2006. It's been a scary year in a scary world. We go to bed each night with the evening news and its daily serving of carnage churning our insides so that it's difficult to sleep. Maybe it's always been that way, but it sure seems writ even larger this year.
In this post-9/11 world, I have nightmares of buildings collapsing, blazing missiles in the sky, and things blowing up. And where I live is pretty safe. I can't imagine what kind of dreams people have who really live near the hot spots of our world with suicide bombings and terrorist acts daily.
There are days when the problems of the world are not front-and-center in my mind. In the morning, I whisper a quick prayer for our military personnel overseas and that's that. The rest of the day, I'm totally absorbed in my own concerns. Maybe too self-absorbed. "Someone's son was killed? Oh. I've got to get this letter out by five." How callous the constant availability of 24-hour news makes us all.

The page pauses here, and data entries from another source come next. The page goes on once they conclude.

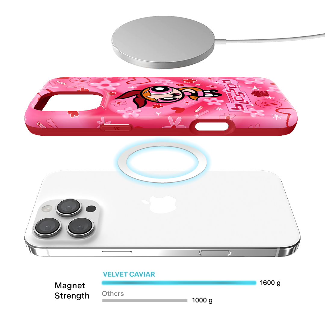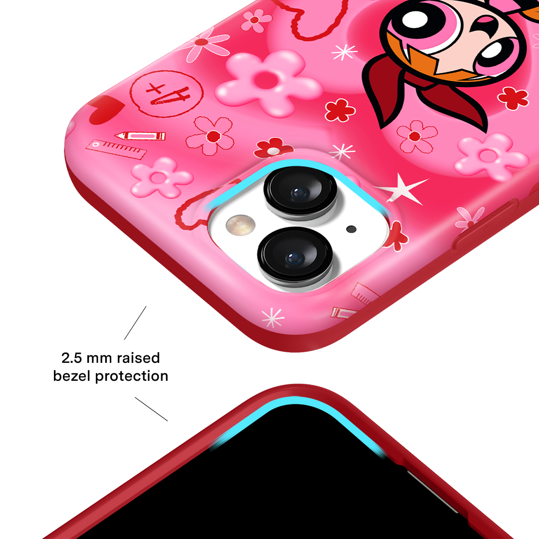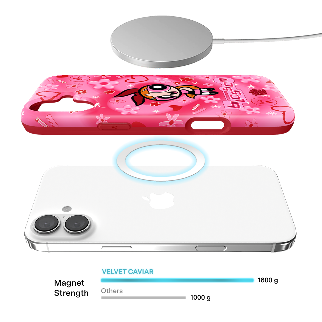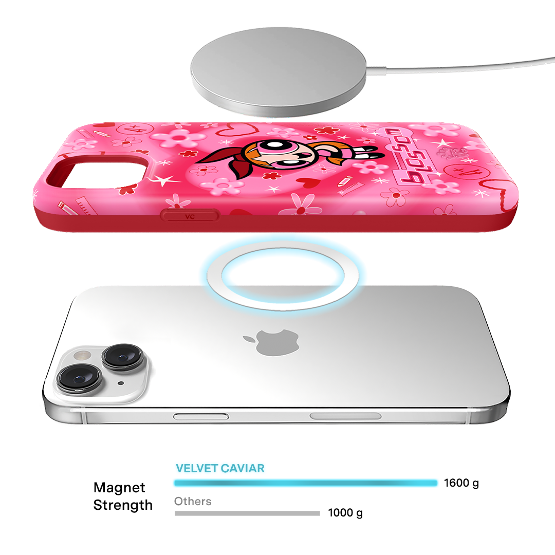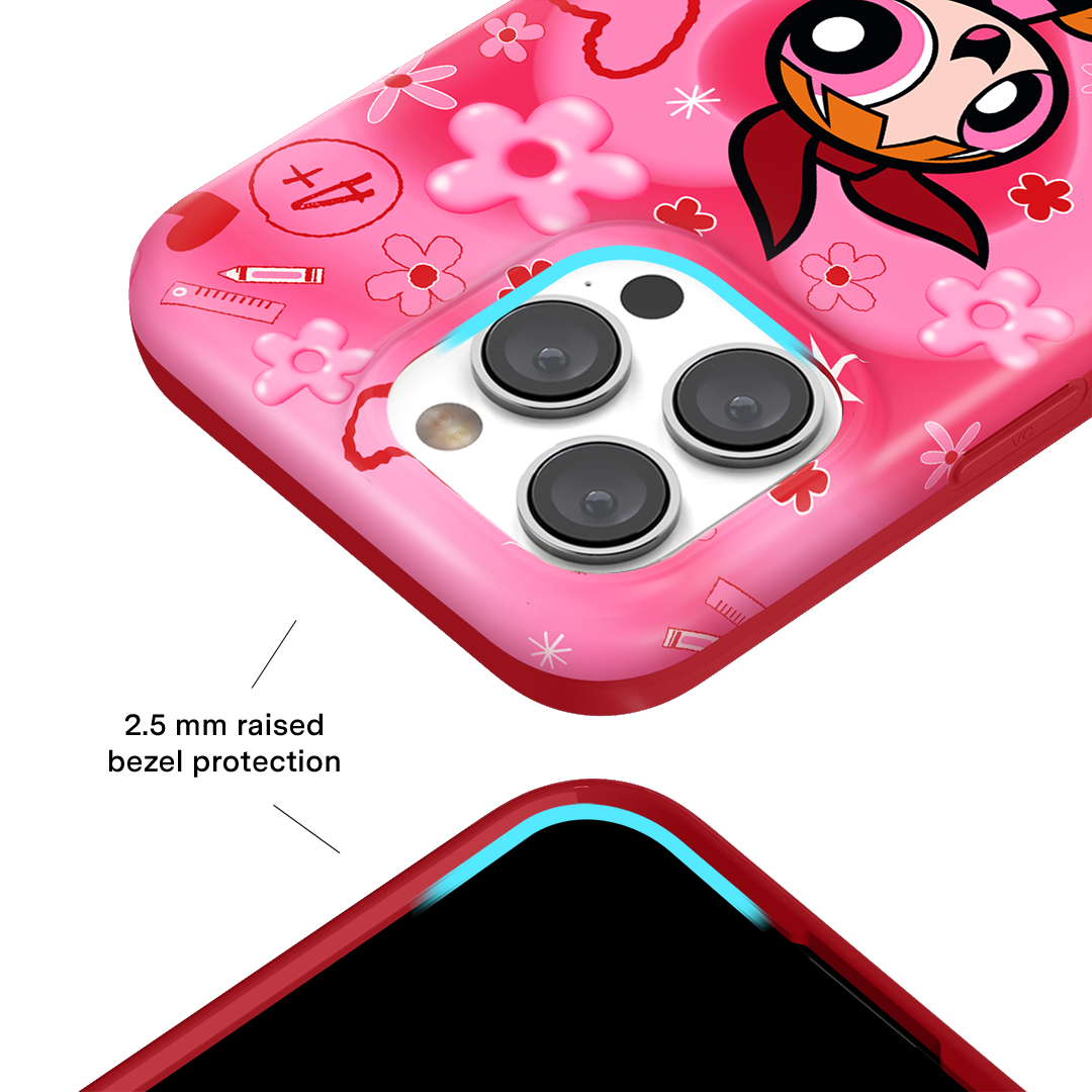 It's Blossom! This glossy MagSafe case features Blossom front and center with flowers and hearts sprinkled throughout all on a radiating pink and red heart background.In collaboration with The Powerpuff Girls™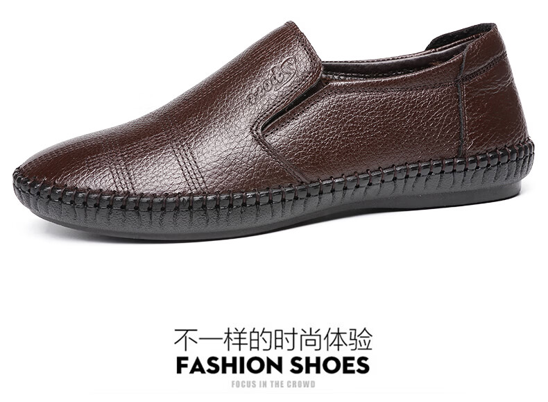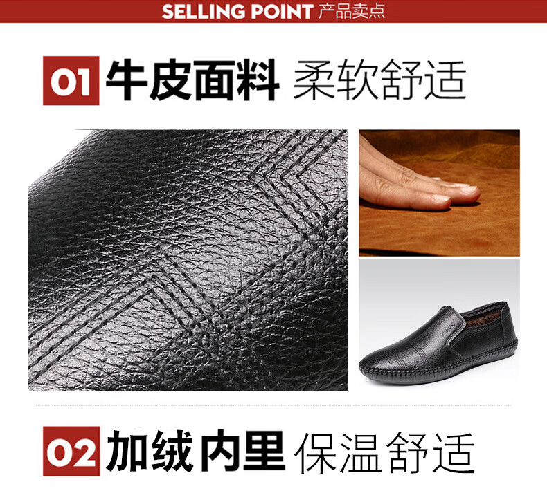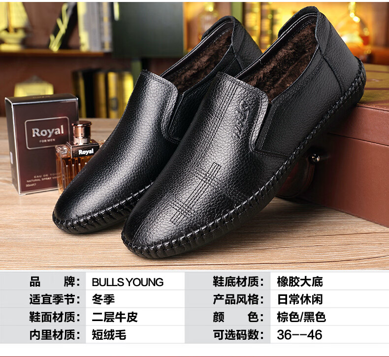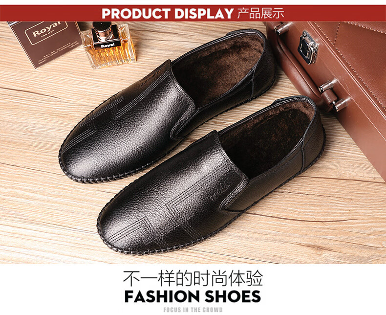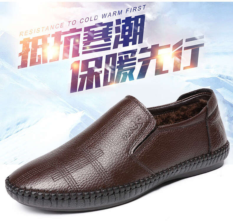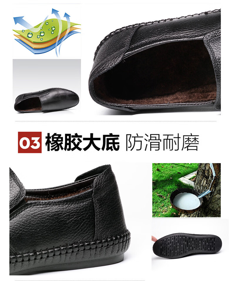 稻草人(MEXICAN)软底男鞋冬季加绒保暖二棉鞋一脚蹬懒人鞋子男真皮爸爸鞋男士皮鞋 黑色【加绒款】 37
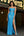 Glitrende blå havfrue V-hals lang ballkjole med spalt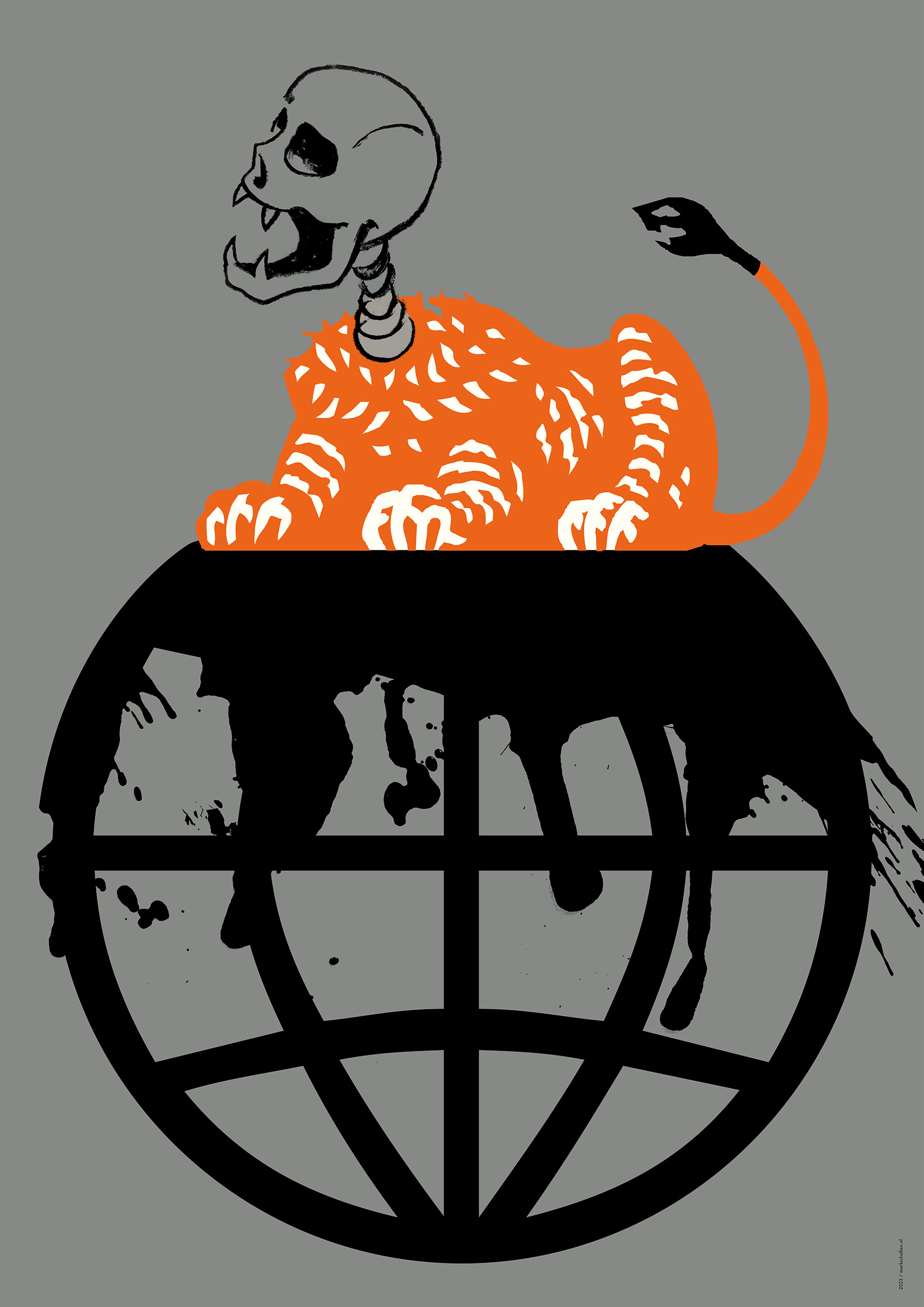 Affiche voor de A12 blokkades van XR in Den Haag. Wat zien we als we beter kijken naar die trotse Hollandse ING-leeuw?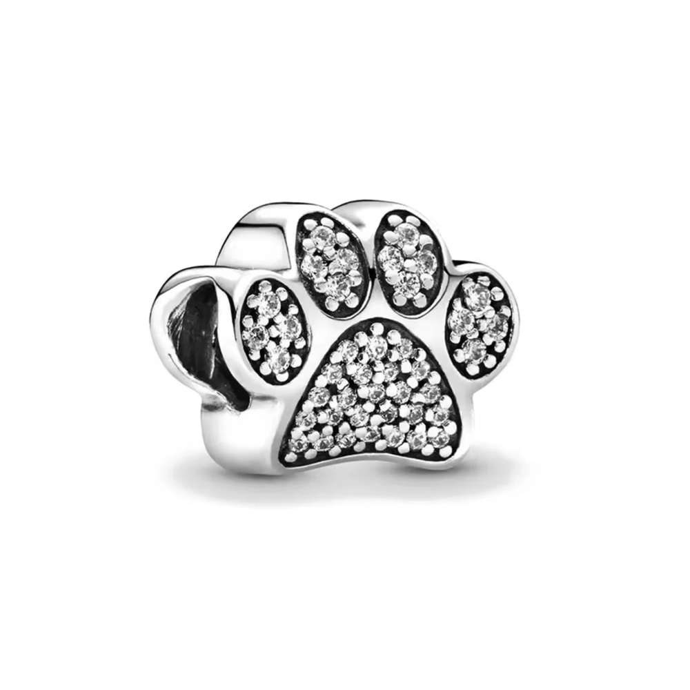 Celebrate your love for pets with the charming Leo Charm. Crafted from 925 sterling silver, this delightful paw print charm is adorned with sparkling cubic zirconia stones, creating a playful yet elegant design. Each stone is meticulously set to highlight the intricate details of the paw print, making it a perfect addition to any animal lover’s bracelet.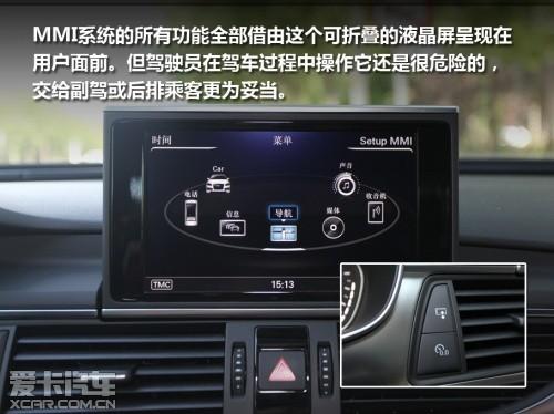 借由位于中控台中央上方的可折叠液晶屏,多媒体交互界面系统MMI的所有功能都可呈现出来,并且全新A6L还从家族大哥A8L那里借来了支持手写功能的触摸面板,其工艺与MMI操控系统的的其他旋钮和按键一样,都非常精致。

I grew up in the '50s when we were taught to hide under our desks for fear of a nuclear bomb. Throughout the '60s and '70s, I feared a nuclear holocaust. For a while, I was convinced that it was inevitable. I used to wonder what it was going to be like when "It" had finally happened. But I was young, and it's hard to live in constant fear. There were enough distractions.
Now I don't worry about all-out nuclear war, just dirty bombs that might take out a city or two. Or anthrax. Or some things I really don't want to mention here.
Yet I will once again, along with my countrymen, embark upon another holiday season. I will make my offerings for the Thanksgiving table and travel to my sister's house. We will eat, drink, and be very merry. We are all doing well, my family and I. We all have good homes and more than enough to eat and our closets are full. We will have a good time. But when we go home, we will turn on the radio and hear the bad news.
When I was a little girl I watched the newsreels of goose-stepping Nazis and wondered what it would have been like to actually live through such a terrible era. When Korea was saber-rattling a few weeks ago, I watched the images of their goose-stepping army. I was chilled as I realized anew that I am indeed living through "such a terrible era."
Later, while talking to my son, a college freshman enrolled in ROTC, I shared these fears, including my fear that Korea could launch a nuclear weapon against us.
My son was quiet for a moment and then said, "Mom, if they try something like that, they'll lose."
And that was that. There was no bragging in his tone, just his matter-of-fact assessment of the situation. Mine was the feminine impulse: Weakness. Fear. Despair. His was the response of the masculine: Strength. Fight. Win. God bless testosterone.
My son's simple response that evening – "they'll lose" – gave me hope. There will always be brave and strong Americans who will not give in to evil or defeatist attitudes. For this American spirit, this Thanksgiving, I do indeed give thanks.